Start of Data below

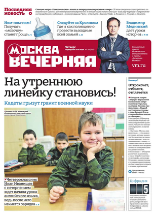 Вечером на страницах «Вечерки» появляются эксклюзивные интервью ньюсмейкеров культуры и шоу-бизнеса, репортажи журналистов по вечерней Москве, афиша нашего города. Один раз в неделю выходит специальный студенческий вечерний номер.
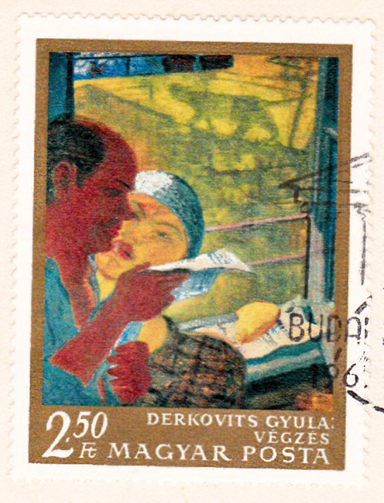 In einer Serie "Gemälde der Nationalgalerie Budapest Meister des 20. Jahrhunderts" ist in Ungarn 1967 auch eine Marke (MiNr 2375 A) mit dem Gemälde "Zwangsräumungsbeschluss" von Gyula Derkovits erschienen. Hier wurde eine Marke auf einem Brief mit Einschreiben nach Deutschland zur Frankatur verwendet.
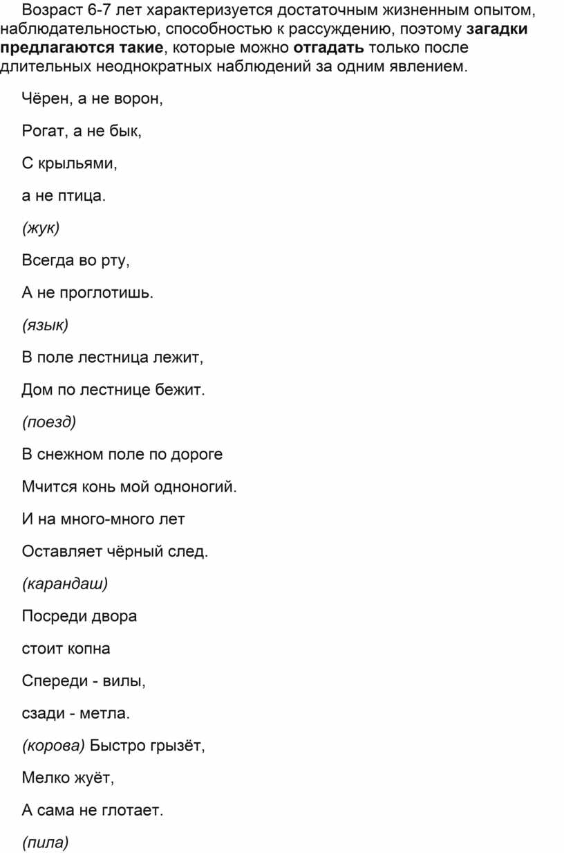 Возраст 6-7 лет характеризуется достаточным жизненным опытом, наблюдательностью, способностью к рассуждению, поэтому загадки предлагаются такие, которые можно отгадать только после длительных неоднократных наблюдений за одним явлением.
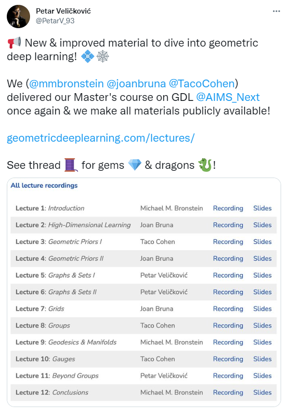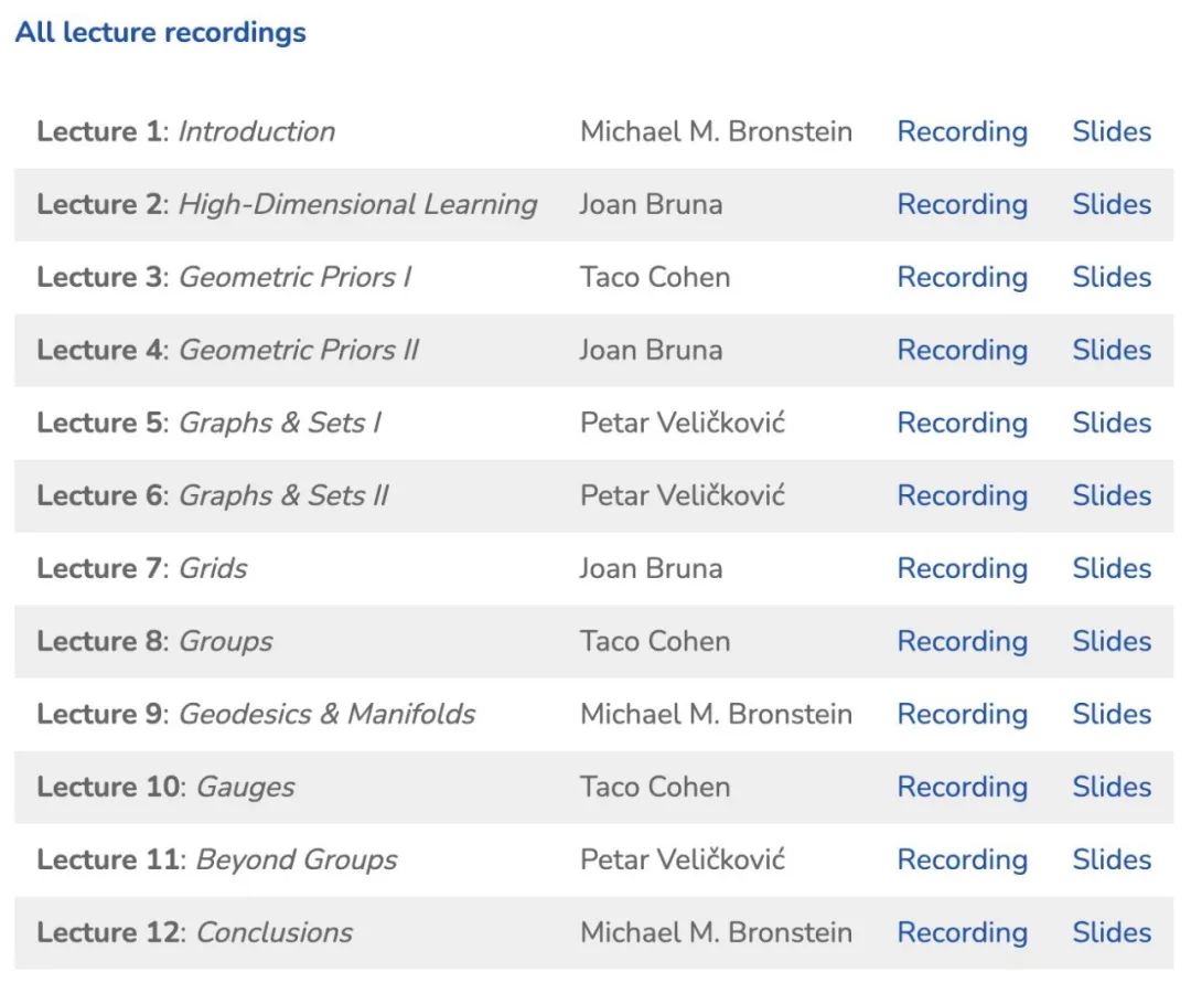 作为非洲机器智能硕士课程(AMMI 2021)的一部分,我们提供了一门关于几何深度学习(GDL100)的课程,它紧跟我们的GDL原型书的内容。我们使所有的材料和课件从这门课程公开可用,作为我们的原型书的同伴材料,以及一种方式深入到一些内容的未来迭代的书。

End of Data below

Your assignment: Find the line with "In einer Serie". Reproduce it and every line after it through the last line above exactly, leaving out the pictures.

Response:
 In einer Serie "Gemälde der Nationalgalerie Budapest Meister des 20. Jahrhunderts" ist in Ungarn 1967 auch eine Marke (MiNr 2375 A) mit dem Gemälde "Zwangsräumungsbeschluss" von Gyula Derkovits erschienen. Hier wurde eine Marke auf einem Brief mit Einschreiben nach Deutschland zur Frankatur verwendet.
 Возраст 6-7 лет характеризуется достаточным жизненным опытом, наблюдательностью, способностью к рассуждению, поэтому загадки предлагаются такие, которые можно отгадать только после длительных неоднократных наблюдений за одним явлением.
 作为非洲机器智能硕士课程(AMMI 2021)的一部分,我们提供了一门关于几何深度学习(GDL100)的课程,它紧跟我们的GDL原型书的内容。我们使所有的材料和课件从这门课程公开可用,作为我们的原型书的同伴材料,以及一种方式深入到一些内容的未来迭代的书。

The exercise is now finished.